### Try it
In duplicating the lines below, keep every word unchanged and drop the pictures.

### Provided data
>>>>>

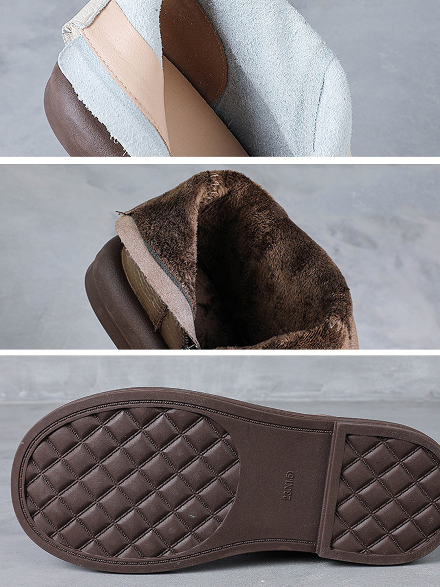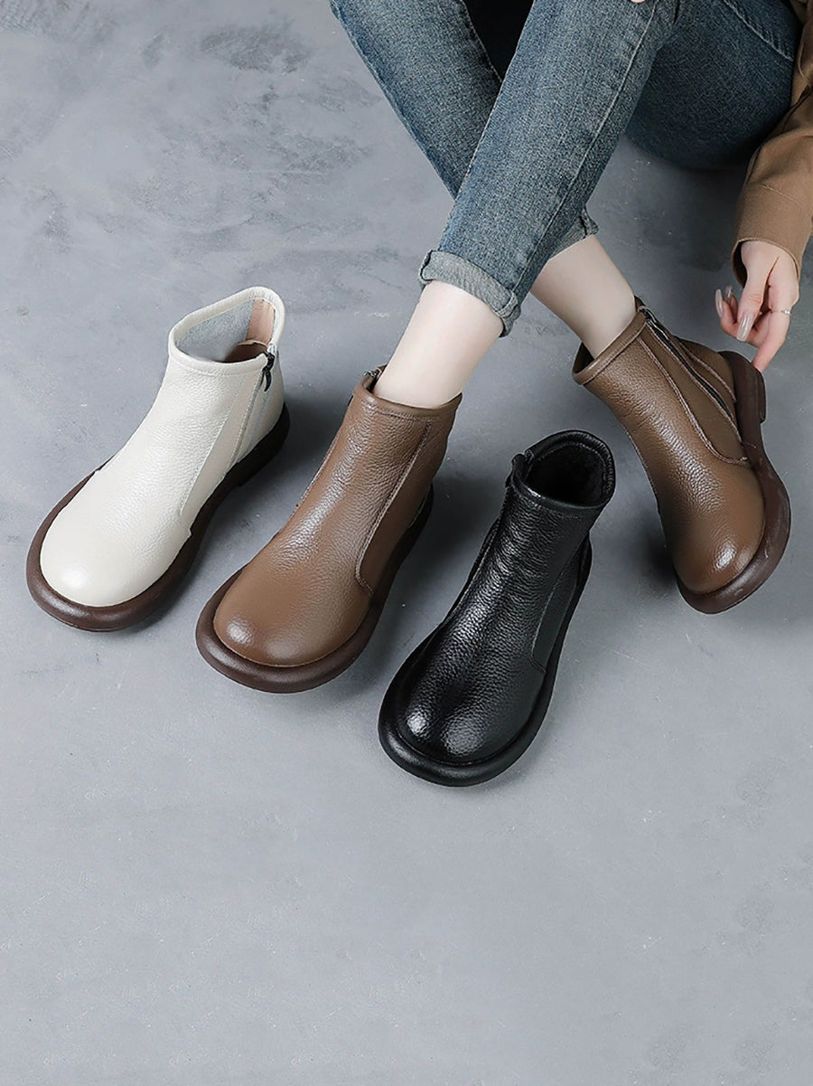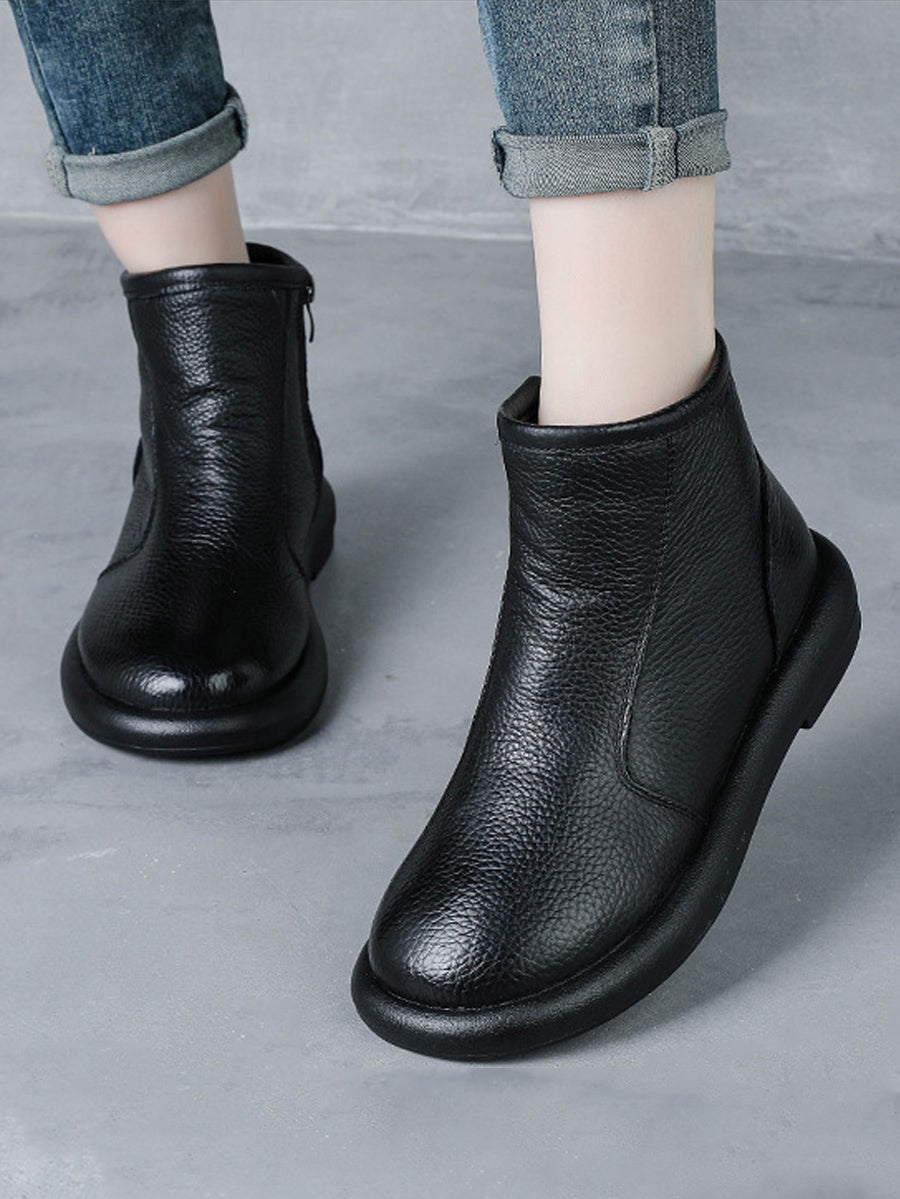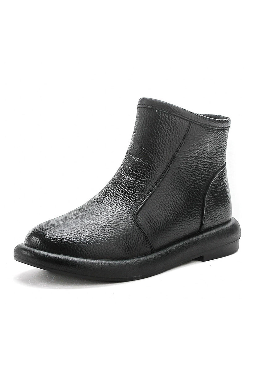 Botas de cano curto femininas de inverno em couro legítimo com forro de lã
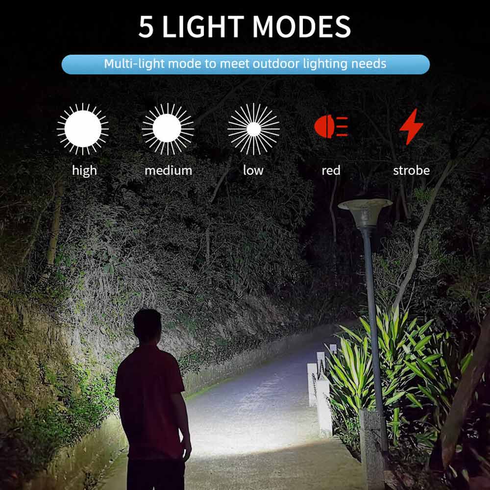 1. 5 Light Modes: High Light--Mid Light--Low Light--Red Light--Strobe
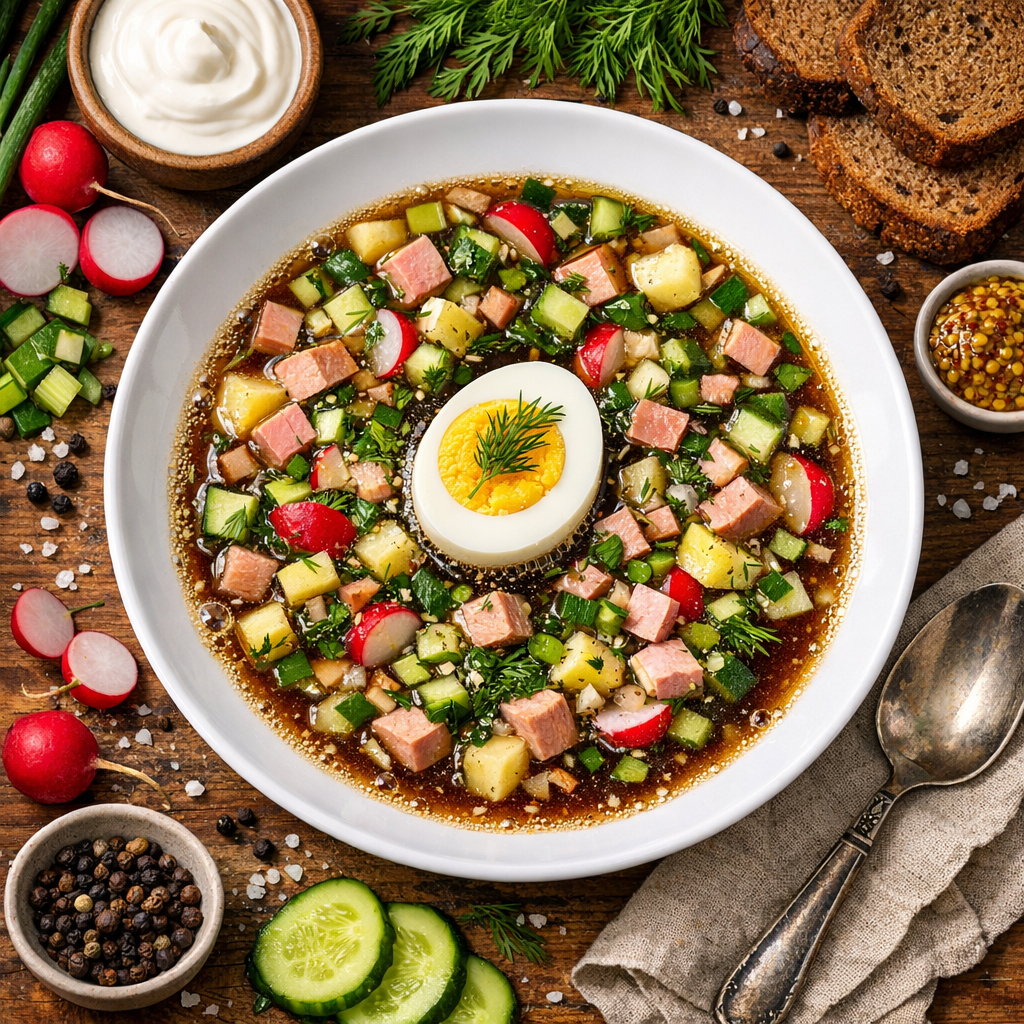 Окрошка на квасе — это традиционное русское блюдо, которое идеально подходит для летнего времени. Это холодный суп, который освежает и насыщает благодаря сочетанию свежих овощей, вареного мяса и кваса. Окрошка является отличным источником витаминов и минералов, необходимых для поддержания здоровья.

<<<<<

### Written answer
 Botas de cano curto femininas de inverno em couro legítimo com forro de lã
 1. 5 Light Modes: High Light--Mid Light--Low Light--Red Light--Strobe
 Окрошка на квасе — это традиционное русское блюдо, которое идеально подходит для летнего времени. Это холодный суп, который освежает и насыщает благодаря сочетанию свежих овощей, вареного мяса и кваса. Окрошка является отличным источником витаминов и минералов, необходимых для поддержания здоровья.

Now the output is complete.